RECORDS FOR PROCESSING:
========
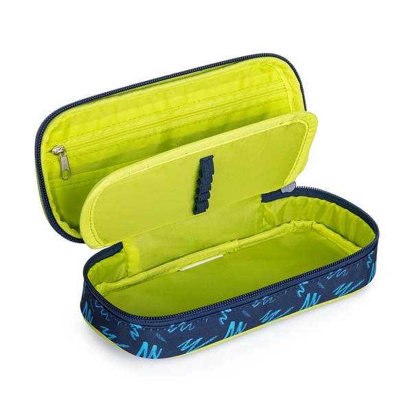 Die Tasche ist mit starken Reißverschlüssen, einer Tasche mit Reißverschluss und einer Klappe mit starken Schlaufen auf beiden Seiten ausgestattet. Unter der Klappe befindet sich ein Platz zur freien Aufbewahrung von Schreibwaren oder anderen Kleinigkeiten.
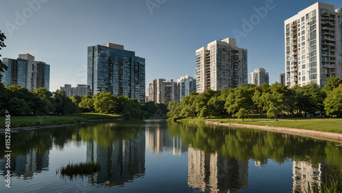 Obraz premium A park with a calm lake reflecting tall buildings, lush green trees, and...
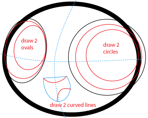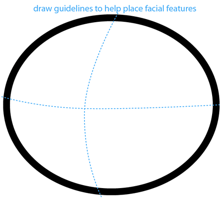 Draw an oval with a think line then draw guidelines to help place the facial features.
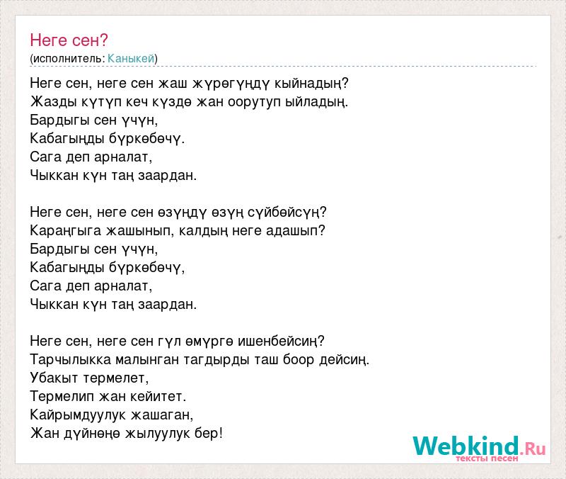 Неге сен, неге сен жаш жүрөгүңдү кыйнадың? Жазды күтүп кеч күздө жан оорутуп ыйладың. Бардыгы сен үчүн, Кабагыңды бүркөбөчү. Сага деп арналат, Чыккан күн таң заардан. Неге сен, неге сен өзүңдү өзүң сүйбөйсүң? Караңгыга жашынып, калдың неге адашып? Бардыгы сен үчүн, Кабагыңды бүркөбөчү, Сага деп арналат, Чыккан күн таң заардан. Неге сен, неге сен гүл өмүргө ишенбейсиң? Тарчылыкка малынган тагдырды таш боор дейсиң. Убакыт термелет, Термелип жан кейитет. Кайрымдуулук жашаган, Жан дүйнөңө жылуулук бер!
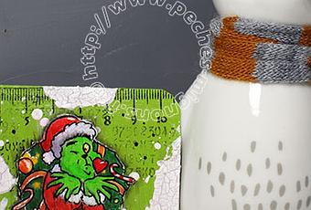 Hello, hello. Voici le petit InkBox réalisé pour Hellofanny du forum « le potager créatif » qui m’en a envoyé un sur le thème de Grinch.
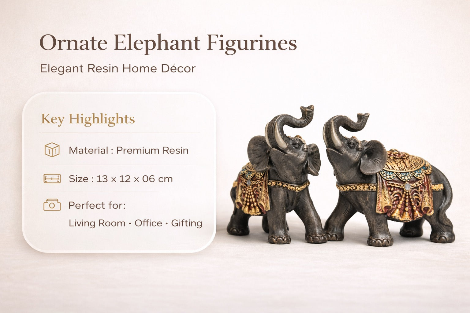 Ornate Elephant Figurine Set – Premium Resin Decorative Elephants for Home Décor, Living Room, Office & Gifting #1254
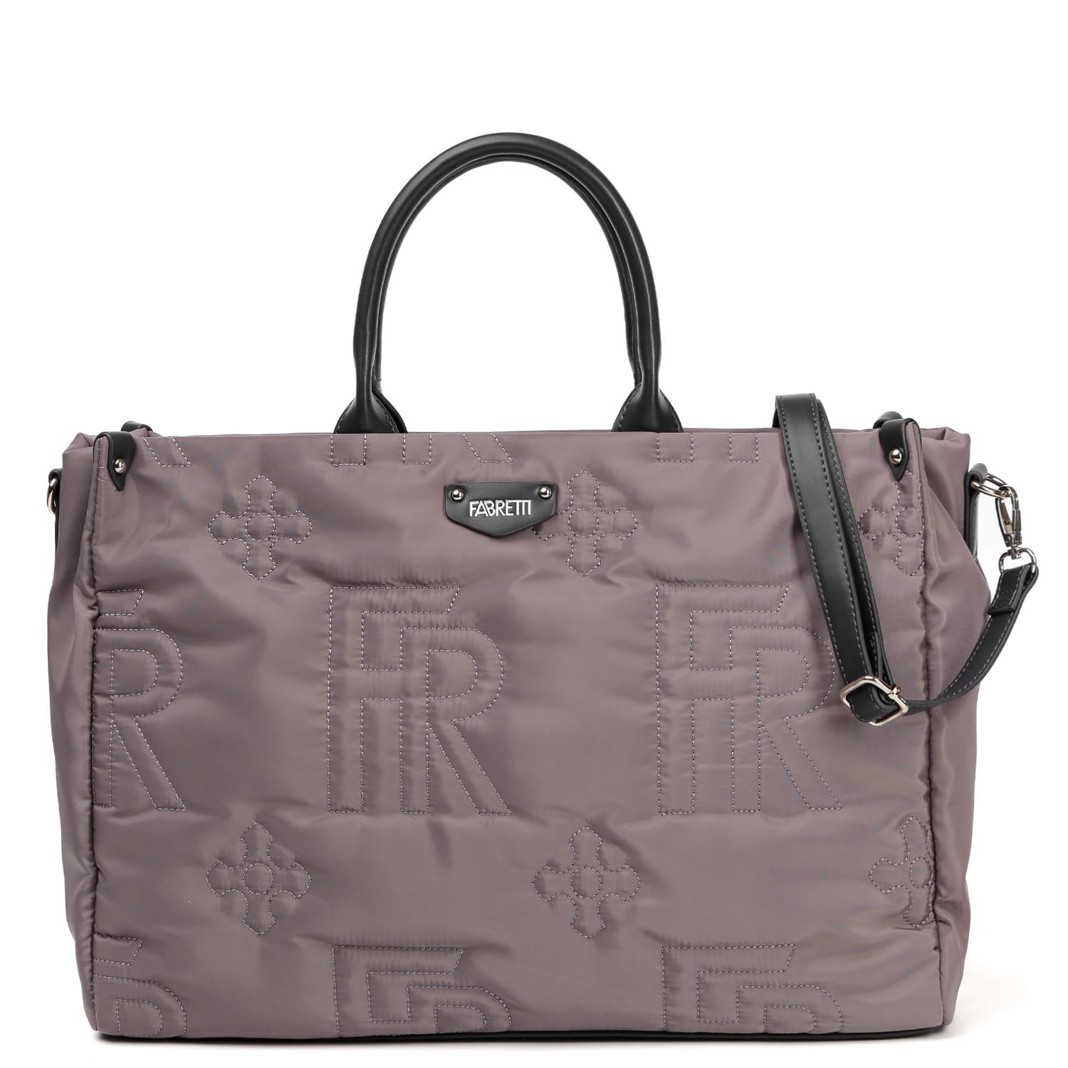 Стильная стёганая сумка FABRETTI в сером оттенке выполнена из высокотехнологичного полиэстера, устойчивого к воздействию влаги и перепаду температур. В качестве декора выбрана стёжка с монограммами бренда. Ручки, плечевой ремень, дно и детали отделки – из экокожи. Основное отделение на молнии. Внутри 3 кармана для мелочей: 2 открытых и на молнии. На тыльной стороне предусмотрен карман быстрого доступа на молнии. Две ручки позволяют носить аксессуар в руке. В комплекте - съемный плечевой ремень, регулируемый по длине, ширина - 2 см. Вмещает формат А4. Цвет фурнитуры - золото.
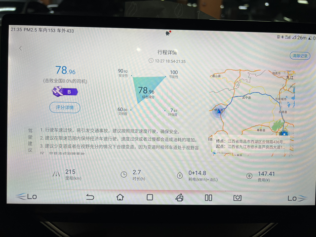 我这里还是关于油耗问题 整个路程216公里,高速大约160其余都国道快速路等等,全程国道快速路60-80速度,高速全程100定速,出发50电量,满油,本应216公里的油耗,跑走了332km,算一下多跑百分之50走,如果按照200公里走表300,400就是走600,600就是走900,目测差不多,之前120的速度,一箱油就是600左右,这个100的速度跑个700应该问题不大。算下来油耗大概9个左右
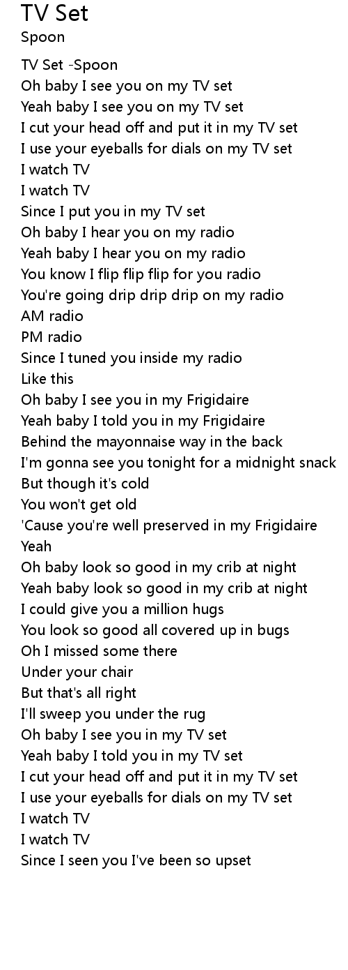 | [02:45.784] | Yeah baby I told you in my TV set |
========
PROBLEM TO WORK ON: From the data above, retype only the lines starting with the line with "Obraz premium A" and going on through the line with "Draw an oval", exactly, leaving out the pictures.

WRITTEN RESPONSE:
 Obraz premium A park with a calm lake reflecting tall buildings, lush green trees, and...
 Draw an oval with a think line then draw guidelines to help place the facial features.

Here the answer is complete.